# Warbringer Maximus MKIII



## Wookiepelt (Jan 29, 2013)

This is probably linked to an older post (I used our "search" function!) about Titan Manufactorum here but looks like it is now available for purchase from Tsipis Games, albeit a 3-week turnaround time... WOW!!!

Cost of this as stated in their site is:

Main body (no weapons) - 340 euros

Individual weapon option - 15 euros each

4 Shoulder Weapon Options:
Reaper Gatling
Missile Battery
Plasma Battery
Dual Pulveriser Cannon

6 Arm Weapon Options:
Suppression Cannon
Mega Gatling Cannon
Voltron Cammon
Plasma Cannon
Plasma Core Cannon
Iron Fist

I think I just found my PERFECT X'mas present!!!


----------



## Serpion5 (Mar 19, 2010)

So... Warlord?


----------



## Khorne's Fist (Jul 18, 2008)

That is pretty fucking sweet.


----------



## Tawa (Jan 10, 2010)

Serpion5 said:


> So... Warlord?


No, no. _Warbringer_..... :wink:


----------



## Serpion5 (Mar 19, 2010)

Tawa said:


> No, no. _Warbringer_..... :wink:


I think it's close enough. :wink:


----------



## Wookiepelt (Jan 29, 2013)

There's even a fan-made datasheet to go along with it!!!


----------



## gen.ahab (Dec 22, 2009)




----------



## Old Man78 (Nov 3, 2011)

The head makes it look like an extra from one of the old godzilla movies!
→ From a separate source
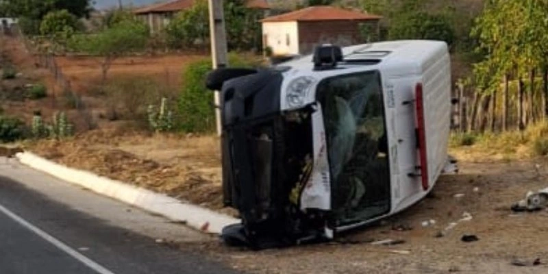 Uma ambulância do município de Bonito de Santa Fé tombou na madrugada deste sábado (29) após colidir com um jumento solto na rodovia estadual PB-400, trecho que liga Cajazeiras a São José de Piranhas.
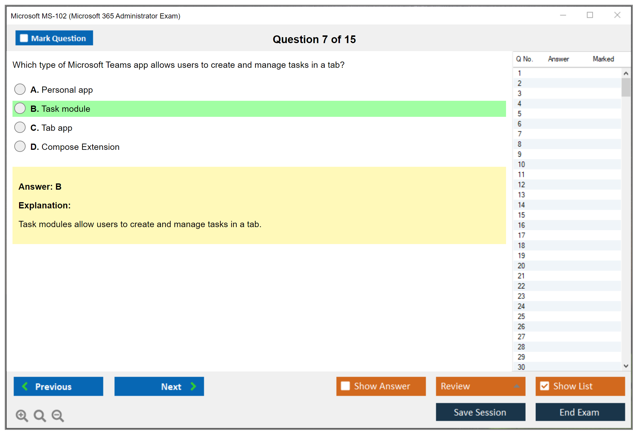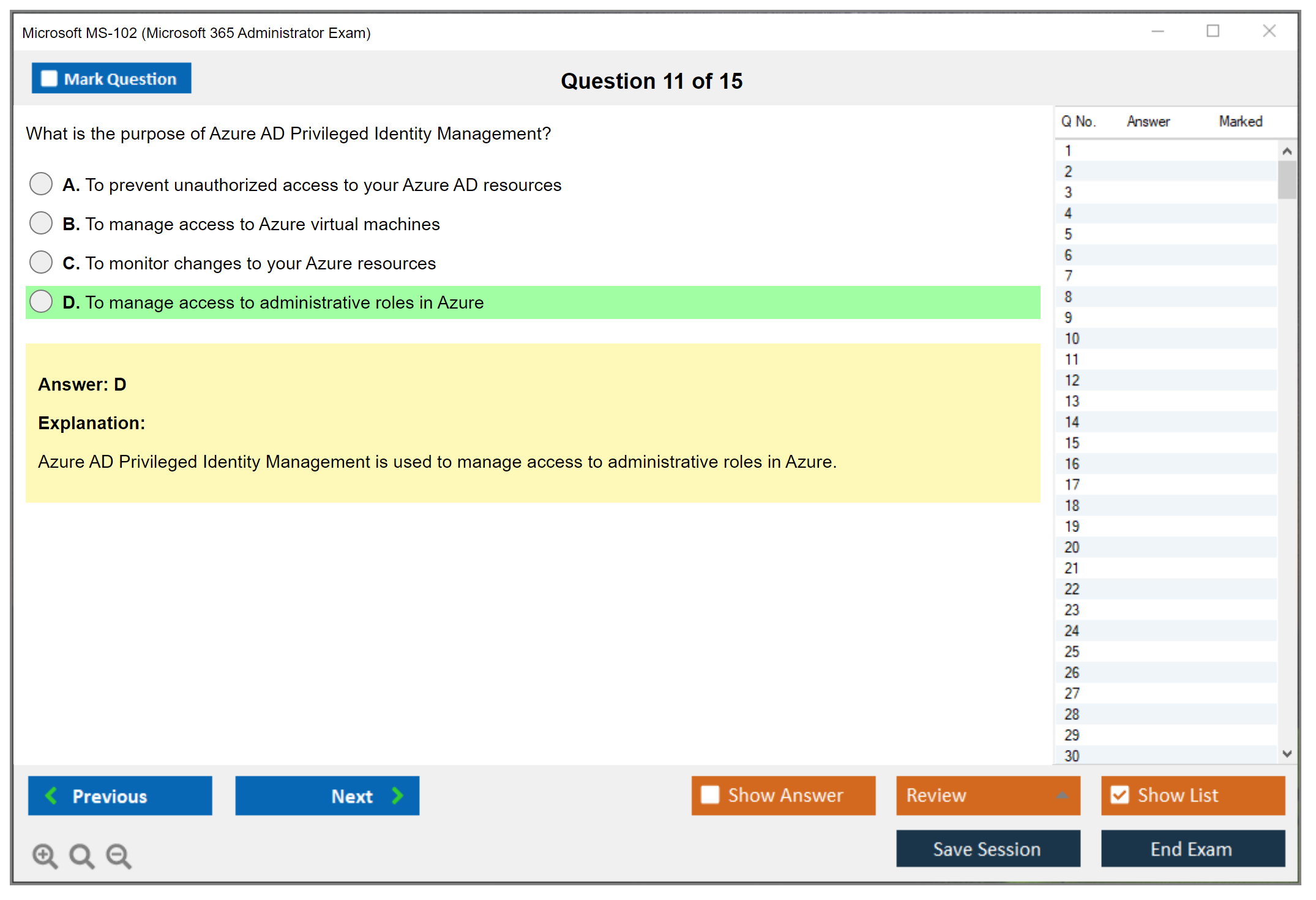 The Microsoft MS-102 (Microsoft 365 Administrator Exam) is designed to measure the ability of candidates to perform various Microsoft 365 administrative tasks. This includes managing user identity and roles, managing access and authentication, planning Microsoft 365 workloads and applications, and managing Microsoft 365 governance and compliance.

Sweet model but me still prefares the old beetle back warlord!


----------



## bitsandkits (Mar 18, 2008)

The question is have they done enough to avoid a GW legal enema


----------



## Snokvor (Aug 3, 2014)

How come the company that makes them is allowed to exist? GW can't reach them in China?


----------



## darkreever (Apr 3, 2008)

Snokvor said:


> How come the company that makes them is allowed to exist? GW can't reach them in China?


More likely because that:









Only kinda looks like that:









Head is similar, body is similar, armour is similar; but at the end of the day it still only looks _similar_ to a warlord titan. This isn't like chapterhouse blatantly ripping off GW.


----------



## Einherjar667 (Aug 23, 2013)

And it looks like too many other things for GW to sue over (Think Mech Warrior, etc)


----------



## Tawa (Jan 10, 2010)

Can you hear that.....?

Sounds like court papers being shuffled :laugh:


----------



## Haskanael (Jul 5, 2011)

Wookiepelt said:


> This is probably linked to an older post (I used our "search" function!) about Titan Manufactorum here but looks like it is now available for purchase from Tsipis Games, albeit a 3-week turnaround time... WOW!!!
> 
> Cost of this as stated in their site is:
> 
> ...


awesome model, 

fun fact, the company links in the treat you linked to send to an asian webpage about insects.


----------



## Khorne's Fist (Jul 18, 2008)

Tawa said:


> Sounds like court papers being shuffled


I doubt it. GW haven't brought out a model, so they should be safe enough, in the same way that all the 3rd party companies that brought out thunderwolves were because there was no minis for them when the rules came out.


----------



## bitsandkits (Mar 18, 2008)

Khorne's Fist said:


> I doubt it. GW haven't brought out a model, so they should be safe enough, in the same way that all the 3rd party companies that brought out thunderwolves were because there was no minis for them when the rules came out.


so im going to assume your ignoring the warlord model it was clearly based on,the picture of which is posted in dark reavers post just above yours....?

They are based in Greece so well within EU boundaries, the main thing is hes kept away from using GW terminology and not copied the warlord exactly, GW tend to get the major arse on when people start chucking around words like "warhammer 40k" etc etc to sell things, i still stand by that if chapterhouse had just used generic terms like scibor and maximini etc, they wouldnt be in court now with there assets frozen.

anyway its not a bad model, not sure its sale worthy looking at his stuff on face book but its certainly not a bad "not warlord" .


----------



## Serpion5 (Mar 19, 2010)

Bits is right. I don't think this one is likely to attract any flak from gw legal. 

Which is good, since it sits about half the cost of a fw reaver titan and represents something twice as powerful. :wink:


----------



## crimson skull (Aug 3, 2008)

Doesn't look big enough to be a warlord anyway and as GW has no model its all down to intellectual property so they still can take them to court as it looks too similar to a warlord titan.


----------



## friar76 (Jul 10, 2012)

so, 400 euros for 4 weapon mounts and the chassis? yes please!


----------